[Cryptography] When HTTP is outlawed, the outlaws will use HTTPS

Harlan Lieberman-Berg hlieberman at setec.io
Wed Dec 13 22:05:03 EST 2017


On Fri, Dec 8, 2017 at 9:20 PM, Peter Gutmann <pgut001 at cs.auckland.ac.nz> wrote:
> What's even worse is that since we've been telling users for years that if
> it's on HTTP it's safe, it's actually making the phishing more effective.

Hello Peter,

I think this was our original sin.  We've conflated two different
security properties together, whereas DV TLS really only solves one of
them: "this is the site I'm trying to get to", and "I can talk to this
site without someone else listening in".  When we tell users that the
green lock means "everything is secure", we're implying both of these.
But, of course, it's not that simple; DV only solves #2, and even then
only if you get the domain right [0]. EV was meant to help fix #1, but
we've known for a while that it's only a partial fix [1].

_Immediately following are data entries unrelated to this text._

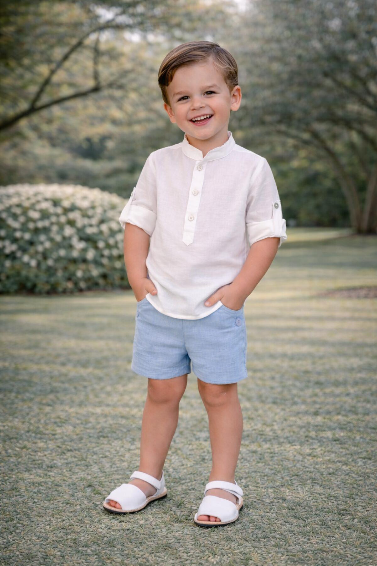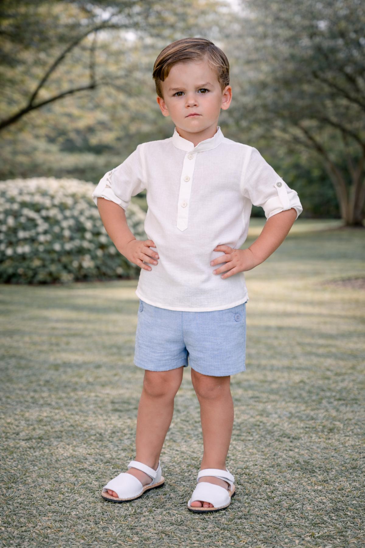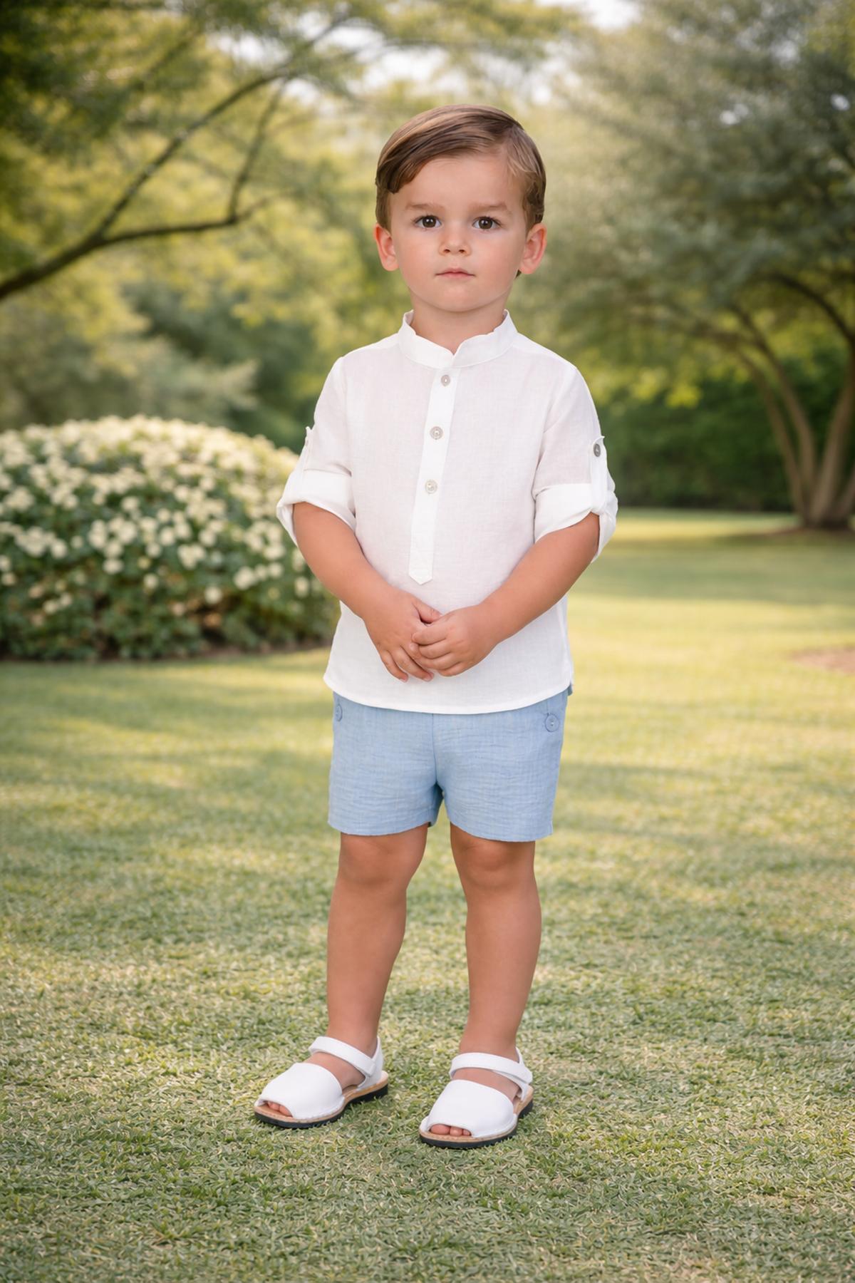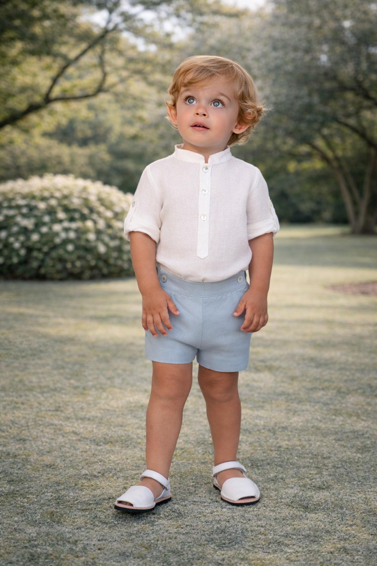 Precioso conjunto de niño de la nueva colección de ceremonia Nekenia para esta primavera verano, compuesto por pantalón corto de lino color celeste y camisa de manga larga cuello mao de lino. FABRICADO EN ESPAÑA.
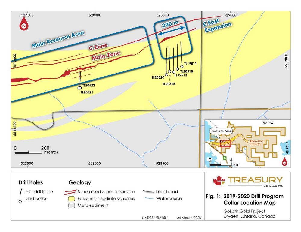 Die Bohrungen treffen weiterhin auf aussagekräftige Goldgehalte in einem neu entdeckten Mineralisierungsgebiet entlang des Streichs (siehe Pressemitteilung vom 13. Januar 2020). Diese Abschnitte werden bei der Ausrichtung auf die C-Zone Ost angetroffen und befinden sich etwa 200 Meter entlang der Streichlänge des östlichen Hauptzonenschießens. Der Entdeckungsschnitt umfasste eine Reihe von hochgradigen Linsen (TL19-506: 14,6 g/t Au über 1,0 m, 11,8 g/t über 1,0 m und 8,13 g/t über 1,0 m).
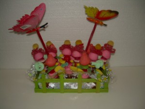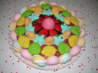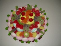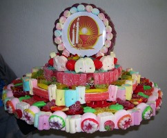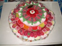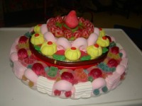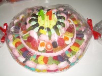 Realizamos tartas de diferentes tamaños. Pueden ser de un piso de dos o de tres. También tenemos modelos especiales en las que podemos poner una fotografía de Comunión. Ejemplos de tartas de tres pisos:   Ejemplos de dos pisos:   Tartas de un piso:  Tartas especiales: Muñeca con falda de gominolas  Tarta de comunión de 4 pisos, en la otra cara del círculo central colocamos la foto del niñ@  Jardinera
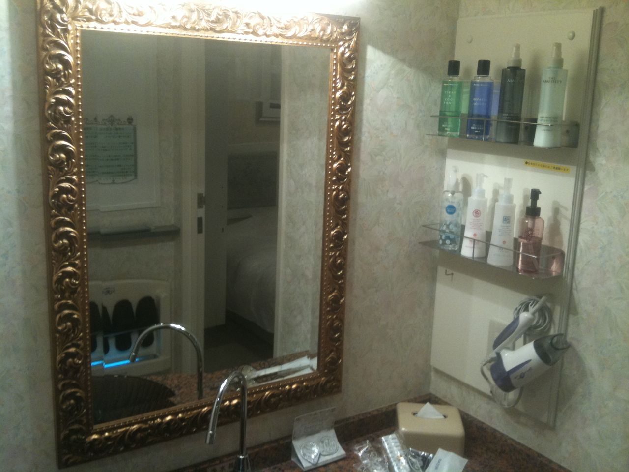 充実のアメニティ。とことん至れり尽くせり。これで一泊3990円でした。だけど翌朝出るときが恥ずかしいなぁ。フロントに電話してから降りてきてくださいっていわれました。もしかして、他のお客と鉢合わせしないためでしょうか。
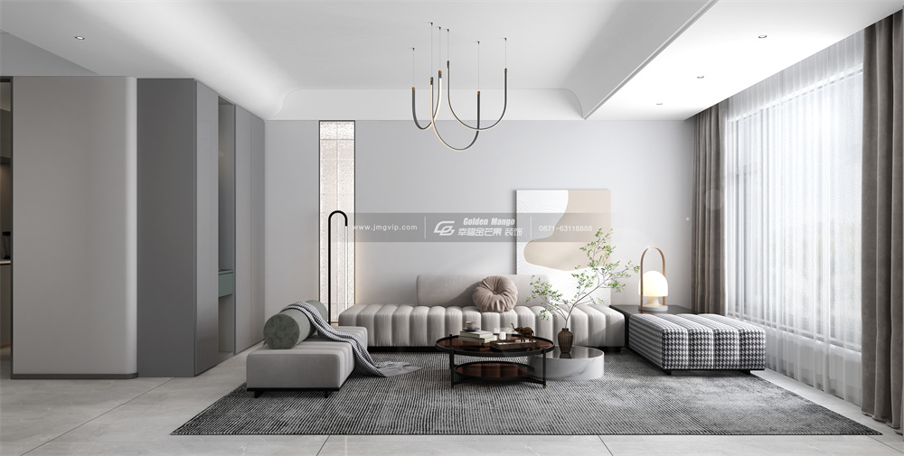霧欲淡,水如空,一葉飄然煙雨中。低飽和的高級灰色調(diào),自然清新與精致相結(jié)合,給人帶來一種煙雨朦朧的感覺。幸福金芒果裝飾在昆明西南海小區(qū)的設(shè)計就體現(xiàn)出這種感覺,整體空間采用低飽和色調(diào),搭配上現(xiàn)代簡約的風(fēng)格,自帶濾鏡高級感!
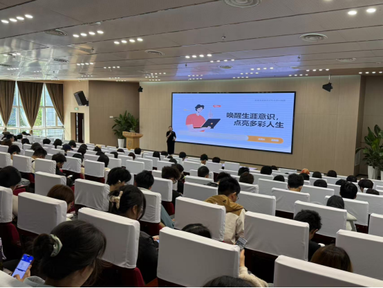 首先,易洺瑶导师围绕如何适应新环境展开了介绍。进入大学的我们应该主动寻找自己的生涯关键词,包括事件,角色,环境。对此易洺瑶教授提出我们应从生涯之学入手,学习如何应对变化,明确大学生活应该怎么过。
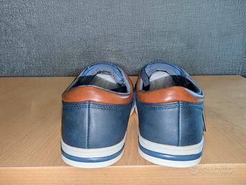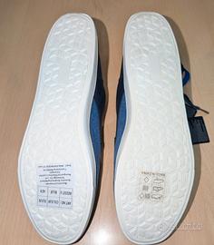 Toma in tela blu. - Dettagli in pelle marrone. Suola bianca 40 euro
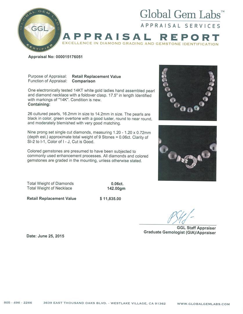 One electronically tested 14KT white gold ladies hand assembled pearl and diamond necklace with a foldover clasp. 17.5" in length Identified with markings of "14K". Condition is new. Containing: Nine prong set single cut diamonds, measuring 1.20 - 1.20 x 0.72mm (depth est.) approximate total weight of 9 Stones = 0.06ct. Clarity: SI-2 to I-1. Color: I - J, Cut is Good. Colored gemstones are presumed to have been subjected to commonly used enhancement processes. All diamonds and colored gemstones are graded in the mounting, unless otherwise stated. 26 Tahitian pearls, 16.2mm in size to 14.2mm in size. The pearls are black in color, green overtone with a good luster, round to near round, and moderately blemished with very good matching. Total Weight of Diamonds 0.06ct. Total Weight of Necklace 142.00 grams. GGL Appraised at $11,835.00.

I think what we need to do here is to help explain to users exactly
what they get when they see the green lock. I'm not sure how we can
help retrain them, especially while there is a long history of other
(and entirely useless) lock symbols being used to mistrain them [2].
Browsers can help with this, emphasizing the domain and de-emphasizing
subdomains, but I also think we need to be more careful in the future
when making "promises" about the security benefits of technology.
Yes, HTTPS was certainly more secure than HTTP and making sure users
were on HTTPS was valuable, but....

Harlan

[0] Here we have all the fun of unicode look-alike domains with
punycode ("fооbаr" vs "foobar" -- which is which?).  Or, of course,
"google.login.security.no-really-this-is-legit.cz".
[1] EV has its own problems with names. https://stripe.ian.sh/ shows a
useful example.
[2] $SEARCH for "secured by logo" is a concerning experience.